## PROBLEM DESCRIPTION:
Would you please return the lines of the entries below starting at the line that has "Am Freitag vor" and ending at the line that has "Σετ παντελόνι &", both included, exactly as they are?

## DATASET RECORDS:
<<<<
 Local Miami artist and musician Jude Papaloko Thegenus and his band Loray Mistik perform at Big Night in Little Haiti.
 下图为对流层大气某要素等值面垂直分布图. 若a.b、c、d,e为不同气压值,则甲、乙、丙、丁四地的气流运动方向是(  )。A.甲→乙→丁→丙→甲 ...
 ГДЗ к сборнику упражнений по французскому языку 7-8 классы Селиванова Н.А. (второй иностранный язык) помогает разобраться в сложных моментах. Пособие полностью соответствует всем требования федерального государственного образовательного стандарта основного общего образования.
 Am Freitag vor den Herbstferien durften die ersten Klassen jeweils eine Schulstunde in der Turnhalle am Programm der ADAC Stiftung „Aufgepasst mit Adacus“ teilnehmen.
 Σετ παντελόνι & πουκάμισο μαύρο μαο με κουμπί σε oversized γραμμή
>>>>
<<<<
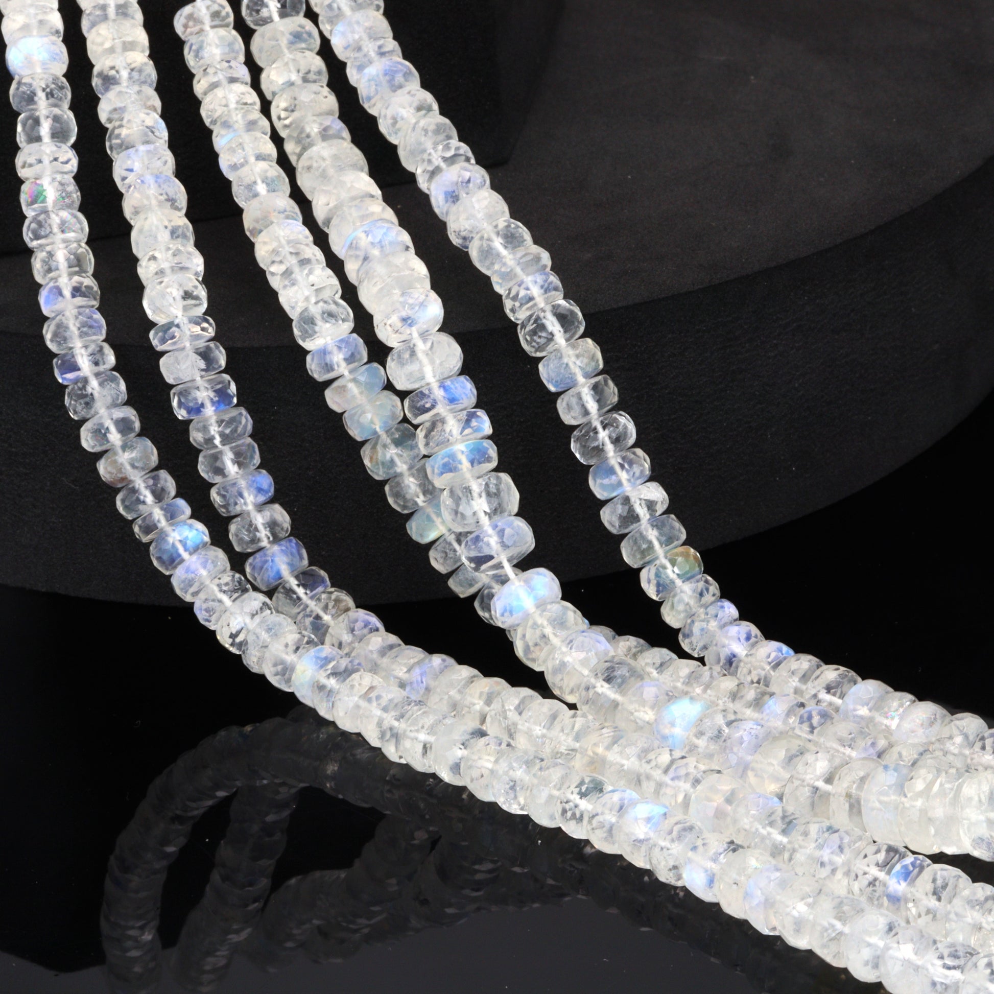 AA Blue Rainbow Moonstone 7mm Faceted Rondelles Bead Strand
>>>>
<<<<
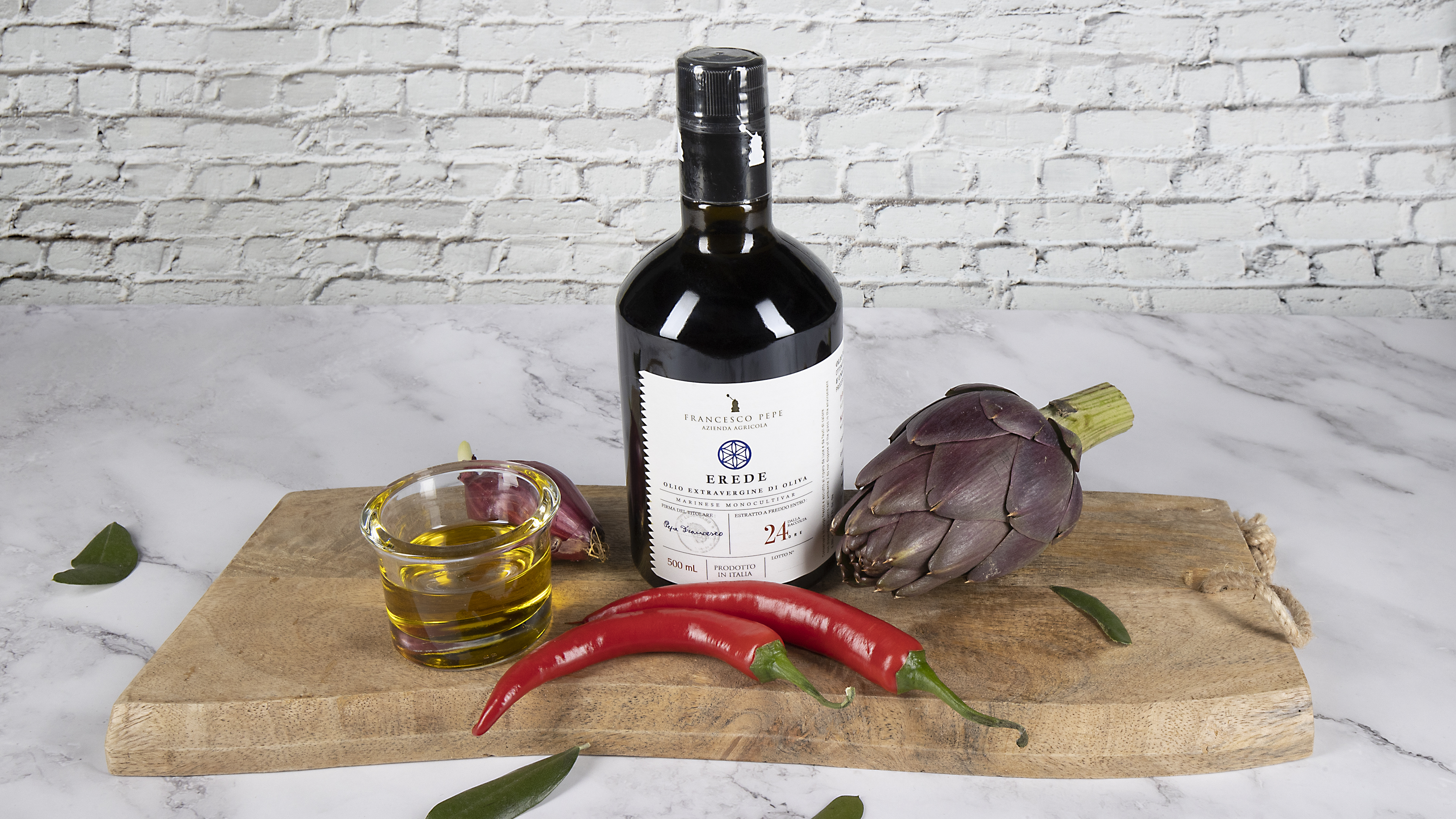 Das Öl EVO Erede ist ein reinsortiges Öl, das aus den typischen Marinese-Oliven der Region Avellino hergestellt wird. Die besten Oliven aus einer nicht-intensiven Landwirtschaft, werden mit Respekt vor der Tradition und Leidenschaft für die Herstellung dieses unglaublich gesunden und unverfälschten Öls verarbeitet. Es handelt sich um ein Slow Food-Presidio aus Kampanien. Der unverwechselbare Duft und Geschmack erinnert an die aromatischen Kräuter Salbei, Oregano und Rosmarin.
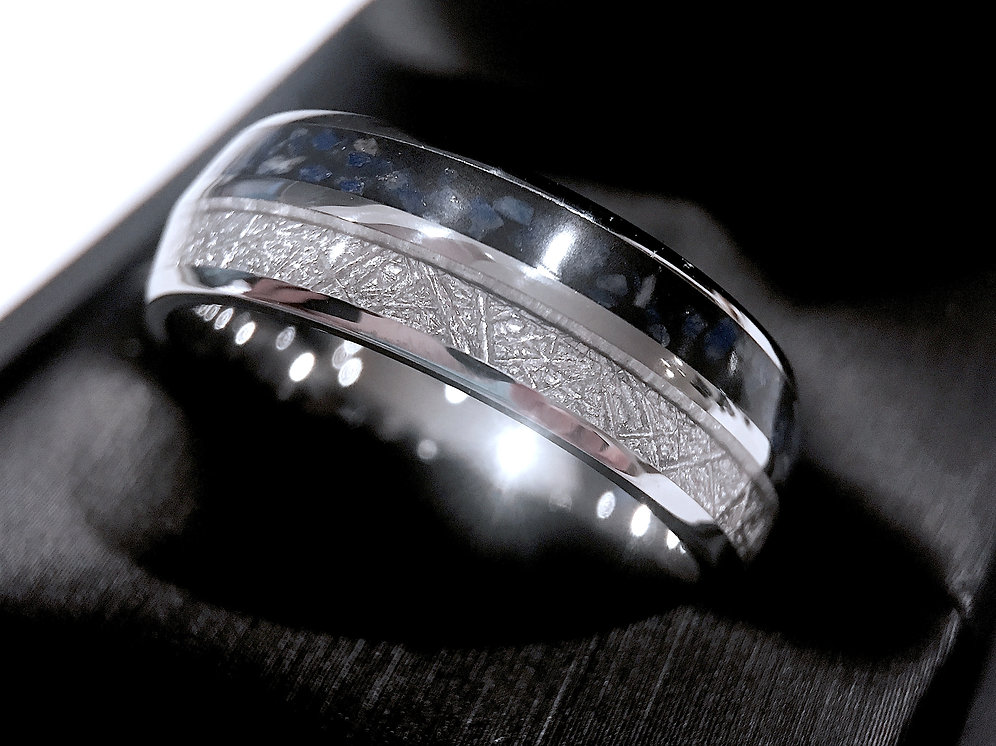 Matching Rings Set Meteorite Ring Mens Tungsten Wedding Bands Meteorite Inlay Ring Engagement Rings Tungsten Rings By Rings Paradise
>>>>
## WRITTEN SOLUTION:
 Am Freitag vor den Herbstferien durften die ersten Klassen jeweils eine Schulstunde in der Turnhalle am Programm der ADAC Stiftung „Aufgepasst mit Adacus“ teilnehmen.
 Σετ παντελόνι & πουκάμισο μαύρο μαο με κουμπί σε oversized γραμμή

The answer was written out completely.